The nurses then wash the naked bodies. Martyrs and Saints shows what it is to be a patient having to go through ‘horribly embarrassing things’ (Hallelujah np). We are shown, for example, a needle going through a penis. This is something we don’t want to think about - not to mention see live onstage. Equally this is something sufferers do not want to experience but they don’t have that choice: we suffer in empathy. Athey shows through these images that ‘it’s just that hard all the time’ (Ibid). Rather than merely feeling “sorry” for victims of the AIDS virus the audience can begin to understand their daily struggles. By having the courage to put these images onstage Athey is progressing public perception of the condition. However it is a very select audience who wish to see these performances and so its ability to engender social change is limited. Limited though it may be, Athey’s work should be credited for providing truthful presentation which may be a source of comfort for many. Freeman writes that it is ‘the truth that we crave’ (89), including the ‘visceral truth of the body that bleeds’ (ibid). In a time of modernity, mass and micro media it is easy to feel distanced and desensitised. The liveness of this work plants the audience in reality, even if it is a difficult one.

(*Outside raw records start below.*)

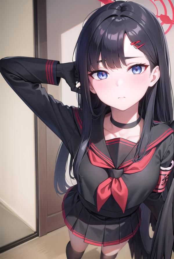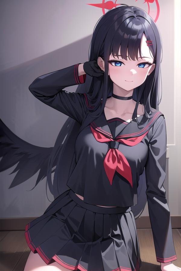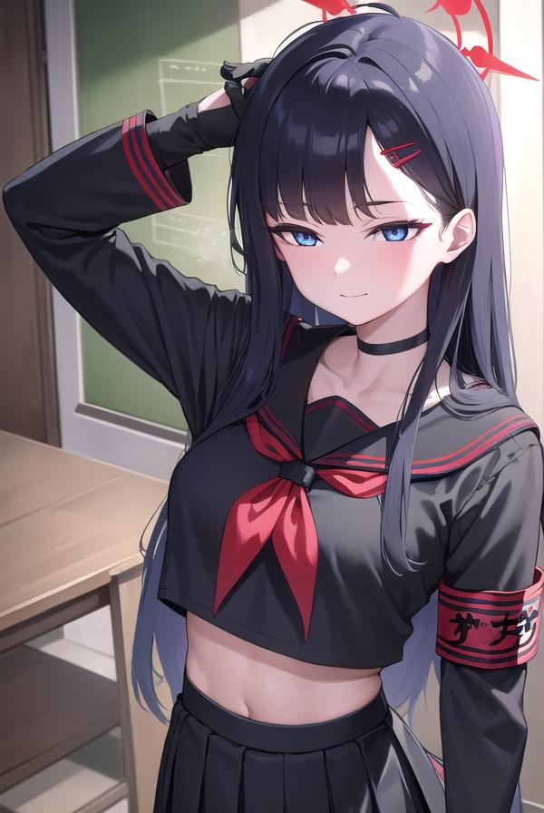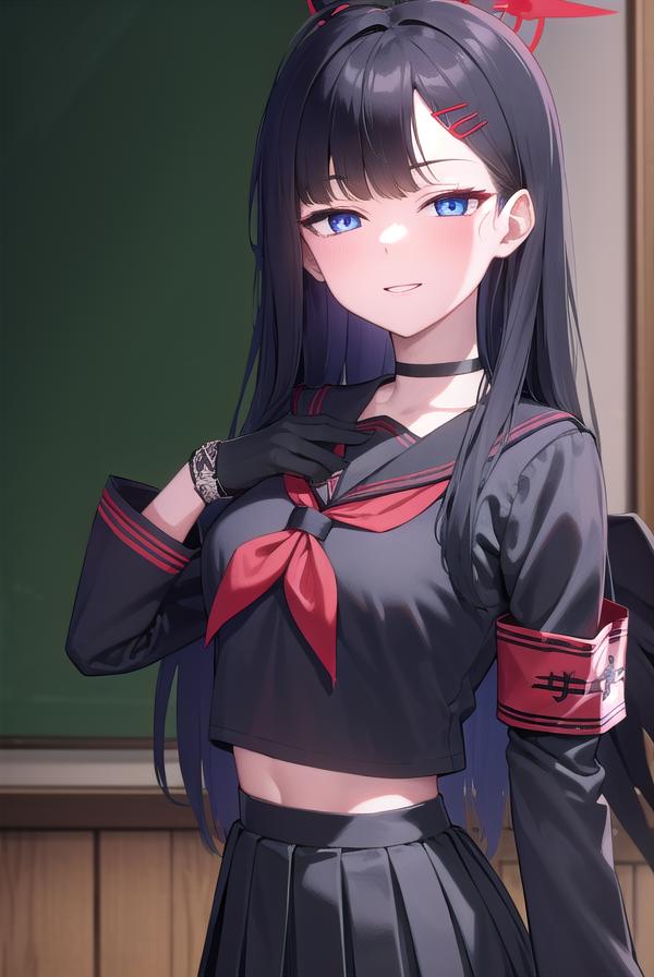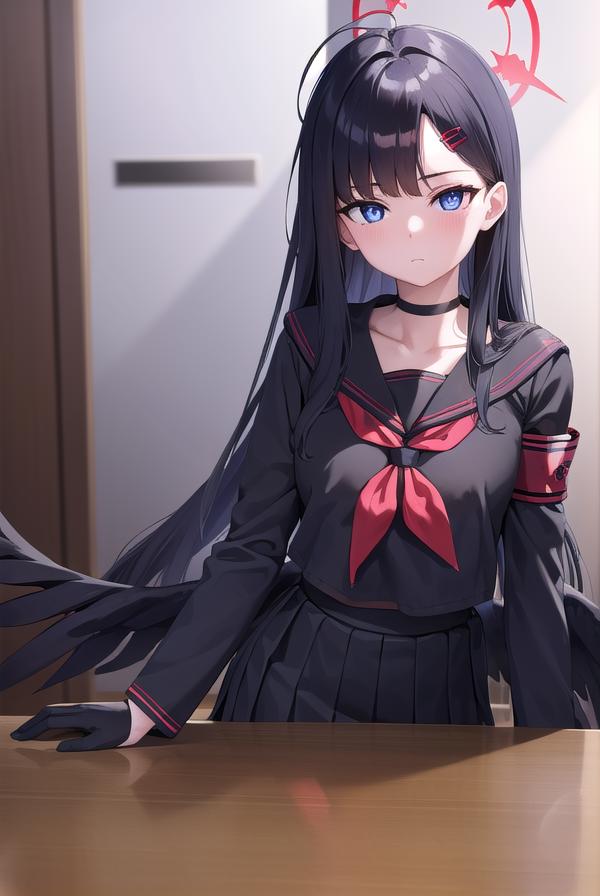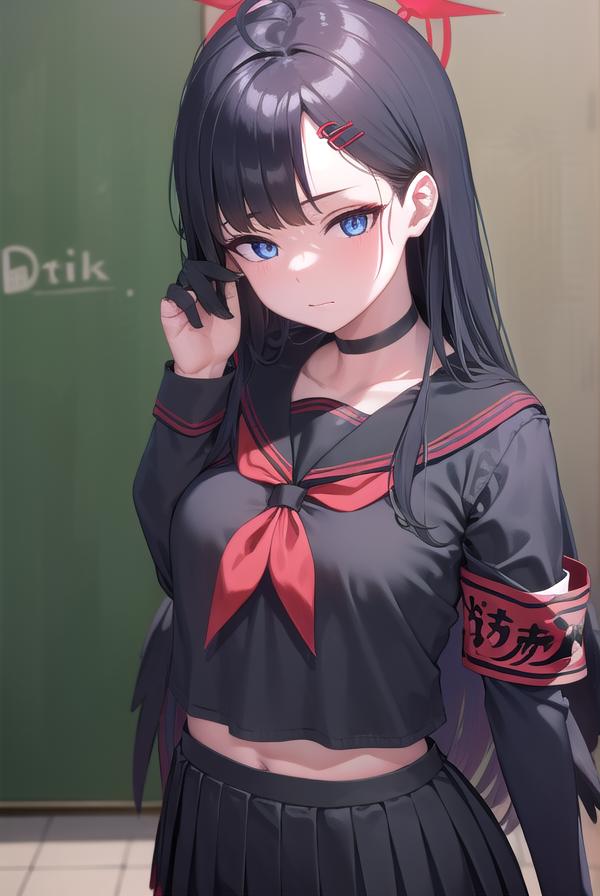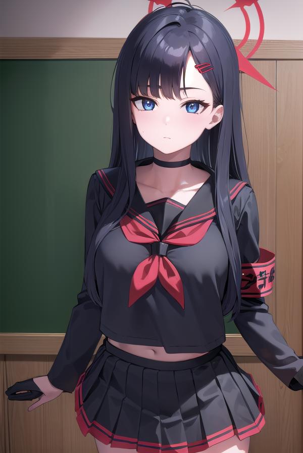 armband, black choker, black gloves, black sailor collar, black serafuku, black skirt, choker, gloves, long sleeves, neckerchief, pleated skirt, red neckerchief, safety pin, sailor collar, school uniform, serafuku, skirt,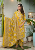 Women Yellow Floral Printed Mirror Embellished Straight Kurta Paired With Afghani Bottom And Printed Dupatta
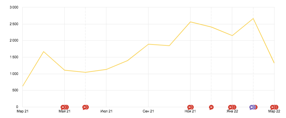 В первый месяц повысили количество кликов с 500 до 1700 , затем в течение года, оптимизировали РК и внедряли новые инструменты. Самых высоких показателей по кликам добились в ноябре 2021 года – 2561 в месяц, затем был спад на длительный праздничный период, потом опять подъем до близких цифр.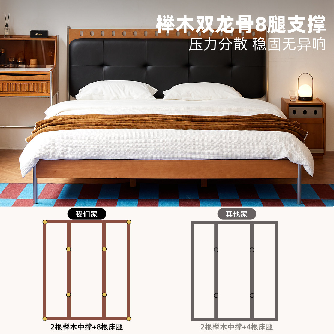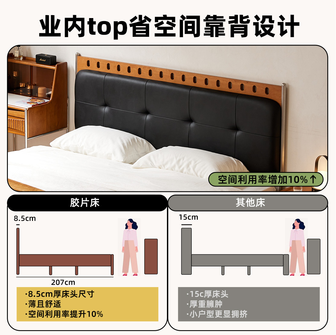 全实木齐边薄床头床小户型1.5m现代简约卧室双人床可定制任意尺寸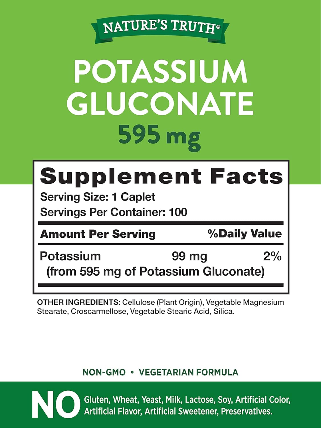 Nature'S Truth Potassium Gluconate 595Mg | 100 Capsules | Vegetarian, Non-Gmo, Gluten Free Supplement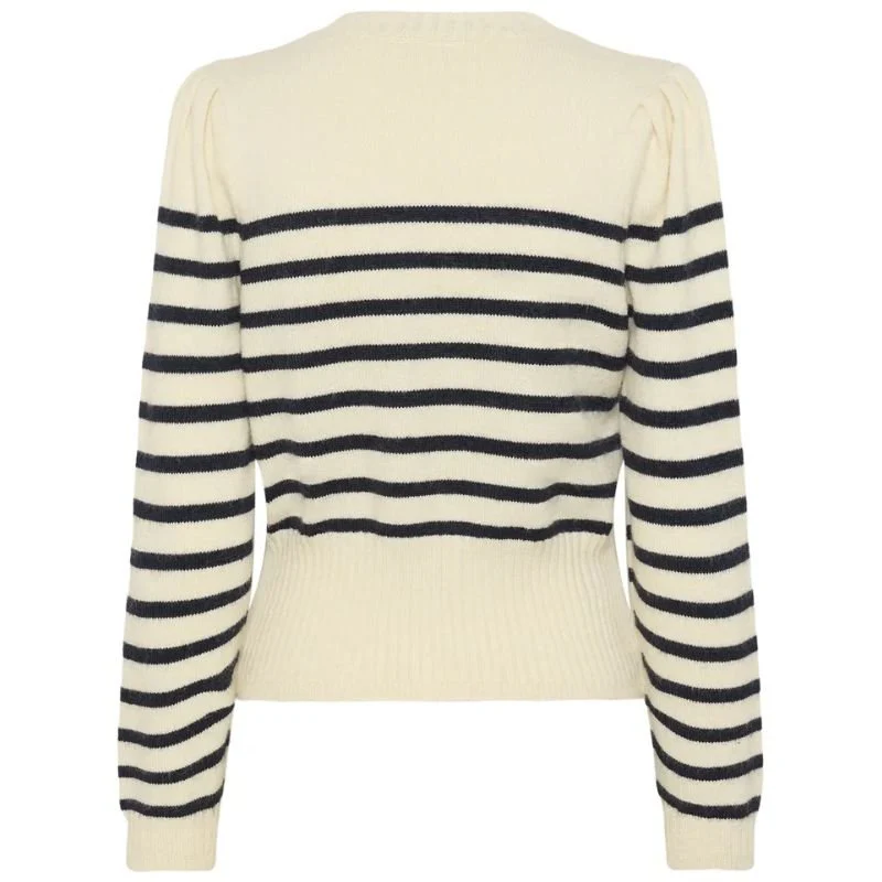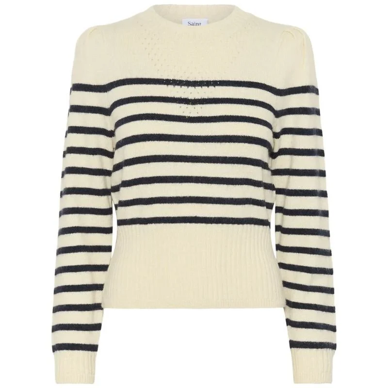 Beige met blauw gestreepte pullover Olena van Saint Tropez voor dames. Deze fijne knit is een stijlvolle toevoeging aan je garderobe en combineert moeiteloos comfort met een vrouwelijke uitstraling. De zachte beige basis met donkerblauwe strepen geeft de trui een frisse en tijdloze look. De ronde hals en subtiele pofdetails op de schouders zorgen voor een elegante touch, terwijl de brede ribboord aan de onderzijde een mooi aansluitend silhouet creëert.

The last statement Athey makes in the documentary Hallelujah is that:

‘… living with HIV and watching a lot of people die makes me just tremble […] with this anticipation with “Oh my God I’m alive today and anything amazing or horrible can happen but at least it’s still happening.’

This statement infers foresight of Athey’s mortality. There is urgency and liveness to his work as he knows his lifetime, and thus also his body of work, is limited (Hallelujah np). For that reason his creative process is like a ‘frenzy to make it bigger, to make it more…to make it mean something’ (ibid). So he continues to push boundaries: he wears a crown of thorns made of needles, he shares a double-ended dildo and he undergoes an enema onstage. It is his protest. Stigma could be seen as offending someone outside of the understanding of a subject. It ridicules the very idea of stigma when this offence is nowhere near the suffering of the affected individuals. The performers present complex images and dismiss those who judge and misunderstand by continuing to progress within the art. Let the outsiders be disgusted because for this community: this is real and no one else will ever know that pain.


It is easy to have sympathy for a cancer patient. The illness is physical and destroying their body. You may not understand their experience but that much is clear. Baker is able to contrast the experiences and states that ‘the isolation and anguish of severe mental illness was much worse than having something physical that people could understand better’ (Suffering np). Baker is relatable and this gives the claim power as does her focus on mental rather than physical illness in her work. Mental illness does not discriminate and yet people are shocked to think that a woman they might see in daily life as merely eccentric was hospitalised forty-two times in eleven years (Gardner np). Yet it is important to note that Baker and Athey do not aim to shock. They depict their life experiences through performance art and it is societal stigma which fuels controversy. For the performer it is almost less about the condition itself than the liveness of the work. They may revel in the ability to surprise but potentially more so because it evokes performance’s ‘capacity to arouse […] awareness’ (Cesare 9) of the relationship between audience and performer. The audience becomes close to the performer: in Baker’s case to intimate details of her life and in Athey’s - through physical proximity to his naked, bleeding body. To be provoked in the moment in performance is an experience which stays with the individual – a ‘spectator’ (Freeman 89) and ‘witness’ (Etchells 13) to pushing of boundaries and, in Athey’s case, the brutal shattering of stigma.